Excel power users at different stages of their professional lives tend to sound much the same about their goals and approaches.
It may be a little early to say for sure, but Michael Kelly sounds a lot like the next generation of finance professionals who could one day get the CFO’s job. He’s just proven he’s got one of the role’s most essential skills.
18-year-old Kelly is a high-school student in Nebraska who recently became the 2016 National Champion of Microsoft Excel in Orlando at the 15th annual Microsoft Office Specialist U.S. National Championship. Far beyond the spelling bees and debating competitions that are often a part of early academic life, Kelly and his rivals were given a number of challenging spreadsheet problems to solve, and he aced them.
It’s actually worth reading ‘This Teen Knows More About Excel Than You Do About Anything,’ on the online publication The Ringer in its entirety, but the following exchange really stood out:
Q: A wise colleague recently told me: “Don’t let anyone know you’re good at PowerPoint or you’ll be forced to make them for everyone for the rest of your life.” Are you at all worried about that for Excel?
A: I don’t know. I’m not too worried. Excel isn’t the only thing I’m good at. I really don’t want to be tied into a job where all I do is enter stuff into Excel, but if I’m trying to figure something out or see what’s happening, I wouldn’t be opposed to whipping up a quick spreadsheet. That’s no problem.
This is an interesting variation on a common theme you see in finance department circles, where Excel is sometimes presented as antiquated or something that CFOs and their teams should leave behind. Kelly’s response is a perfect example of not only why Excel is so compelling, but what the best and the brightest do with it: solve complex problems.
For a sense of what an obsession with Excel looks like slightly later in life, check out this profile of Monica Williams on Geekwire. Williams is the CFO of Avvo, an online legal service directory firm, and she has no problem with wearing her love for a certain spreadsheet program with pride. (ie., when asked about her favourite app: “Excel, of course. Excel makes me happy.”).

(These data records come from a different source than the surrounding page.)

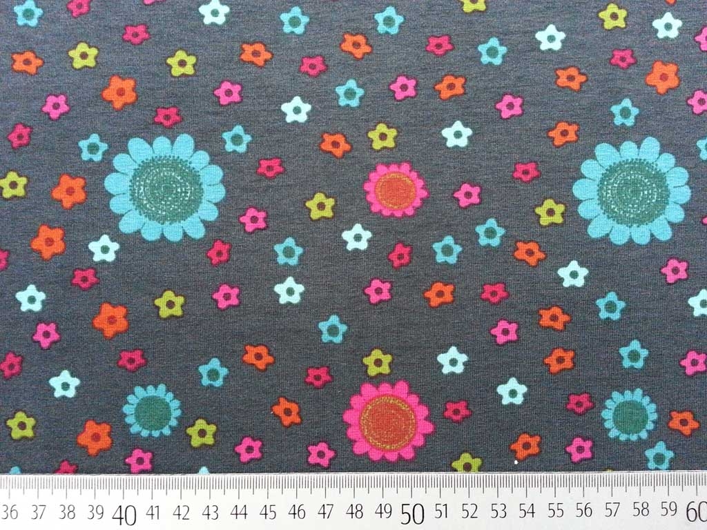 Ein weicher, dunkelgrauer Baumwolljersey von Stenzo mit bunten Blumen in verschiedenen Größen.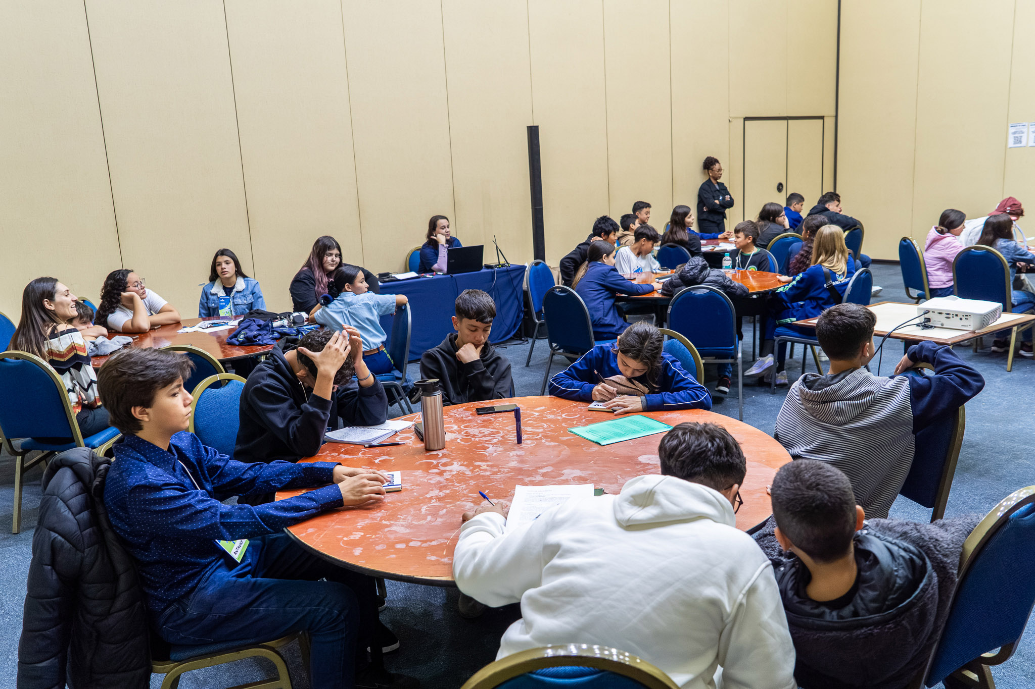 Com a temática “Vamos transformar o Brasil com educação e justiça climática”, os 60 alunos do 6° ao 9° anos do Ensino Fundamental que participaram da Conferência Estadual foram previamente selecionados por comissões formadas nos Núcleos Regionais de Educação (NREs). Eles se prepararam ao longo de 2025 nas conferências escolares.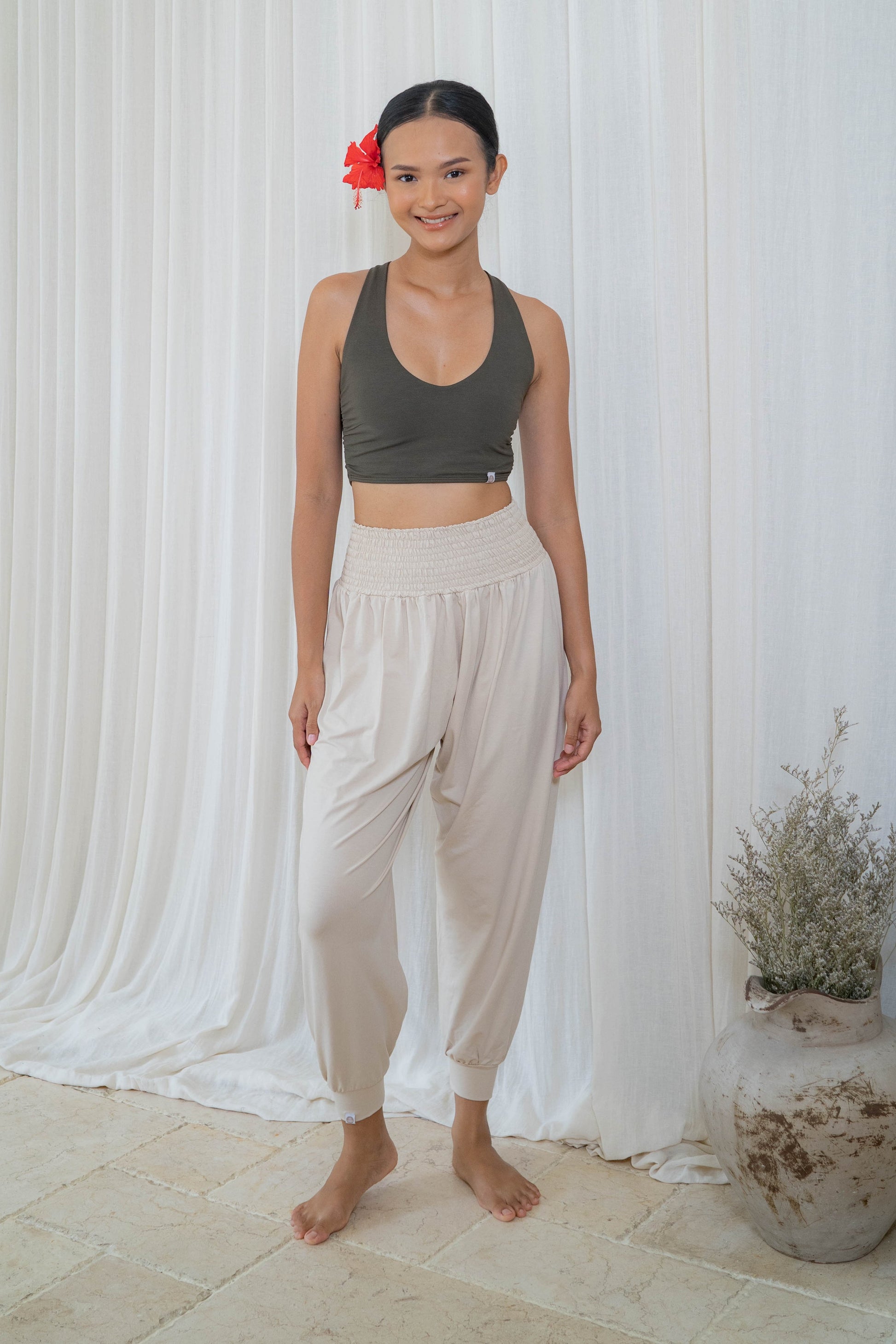 Embrace effortless elegance with the Surya Harem Pants in Seashell. These wide harem pants are designed to offer both comfort and style, making them a perfect addition to your yogawear collection. The relaxed silhouette flows beautifully with each movement, while the ruched waistband, inspired by our popular Yantra Jogger Pants, provides a secure and flattering fit.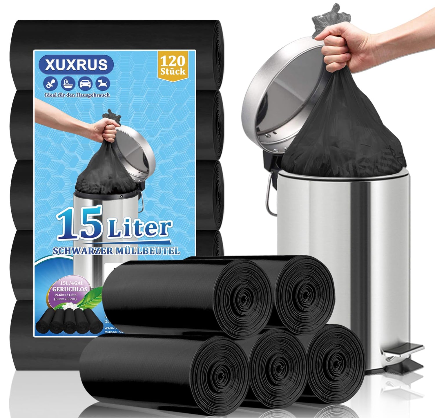 XUXRUS Müllbeutel 15L Müllsäcke Schwarze Mülltüten Kleine Reißfest Abfallbeutel Geeignet für Badezimmer,Toiletten und Küchen,120 Stück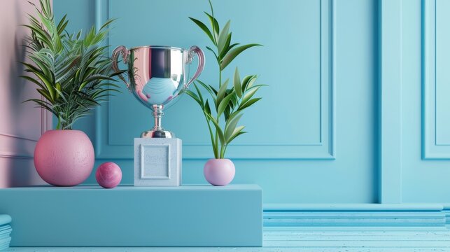 A symbolic 3D illustration of a silver trophy on a podium, signifying being the best and standing out among others.

It was when she was asked about where she gets her best ideas, however, that the secrets of her success emerged:
From talking with people. I love working in a collaborative setting and getting different perspectives. There’s always something I didn’t think of and that we can build on.
Michael Kelly and Monica Williams may be at very different stages of their careers, but they share some really important traits: an open mind, a desire to be helpful and a bias towards using tools they trust to help people. Just more proof that those who love Excel . . . well, tend to excel.